Tangan yang kotor atau terkontaminasi dapat memindahkan bakteri dan virus
pathogen dari tubuh, faeses atau sumber lain ke makanan. Oleh karena itu kebersihan
tangan dengan mencuci tangan perlu mendapat prioritas yang tinggi, walaupun hal tersebut
sering disepelekan. Pencucian dengan sabun sebagai pembersih, penggosokan, dan
pembilasan dengan air mengalir akan menghanyutkan partikel kotoran yang banyak
mengandung mikroorganisme (Fatonah, 2005 dalam Rosidi, 2010).

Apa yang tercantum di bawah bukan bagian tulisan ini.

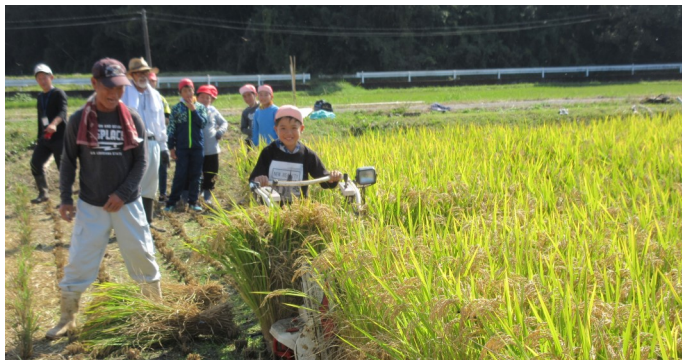
バインダーで稲を刈る児童
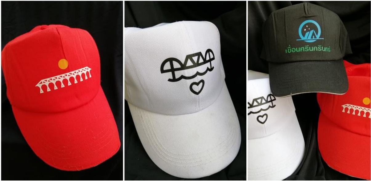
ภาพประกอบ 9 ต้นแบบผลิตภัณฑ์(mockup model)
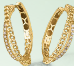
G3-02113O 429,00 Creolen Zirkonia
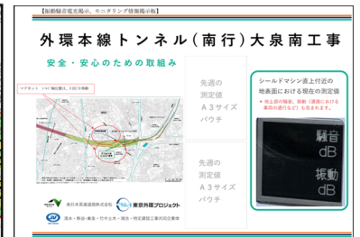
【掲示板設置イメージ】
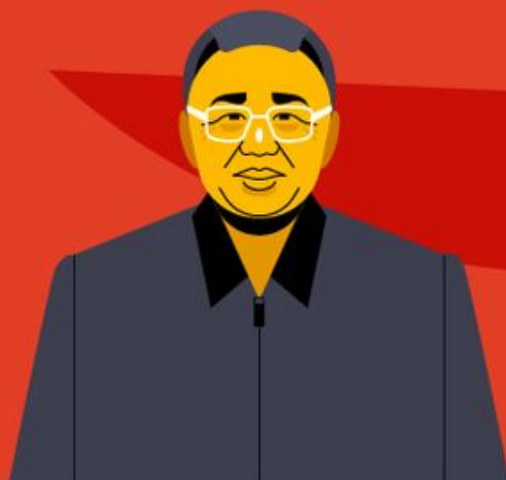
Ким Чен Ир вечный генеральный секретарь ТПК

Solusi dalam permasalahan kejadian diare pada anak adalah dengan untuk menjaga
kesehatan anak terutama dalam pencegahan penyakit diare, diharapkan kepada orang tua
untuk dapat meningkatkan kualitas sanitasi dan sarana sanitasi yang ada. Sanitasi makanan
dapat mencegahan terjadinya diare pada anak, terutama dalam hal cuci tangan sebelum
makan dengan menggunakan sabun sebelum memberikan makan dan menjaga kebersihan
alat makan (Kartini, 2009).
Berdasarkan fenomena tersebut, maka peneliti tertarik untuk meneliti hubungan
sanitasi makanan dengan kejadian diare pada balita di Desa Gayaman Kecamatan
Mojoanyar Kabupaten Mojokerto.
Metodologi Penelitian
Penelitian ini menggunakan jenis penelitian analitik korelasional dengan
pendekatan kasus control (case control). Variabel independen dalam penelitian ini adalah
sanitasi makanan dan variabel dependen dalam penelitian ini adalah kejadian diare pada
balita. Populasi dalam penelitian ini adalah seluruh ibu yang mempunyai anak balita di
Desa Gayaman Kecamatan Mojoanyar Kabupaten Mojokerto sebanyak 90 orang dan 73
orang. Teknik sampling yang digunakan adalah simple random sampling. Pengambilan
data dilakukan di Desa Gayaman Mojoanyar Mojokerto pada tanggal 13-16 Juni 2015.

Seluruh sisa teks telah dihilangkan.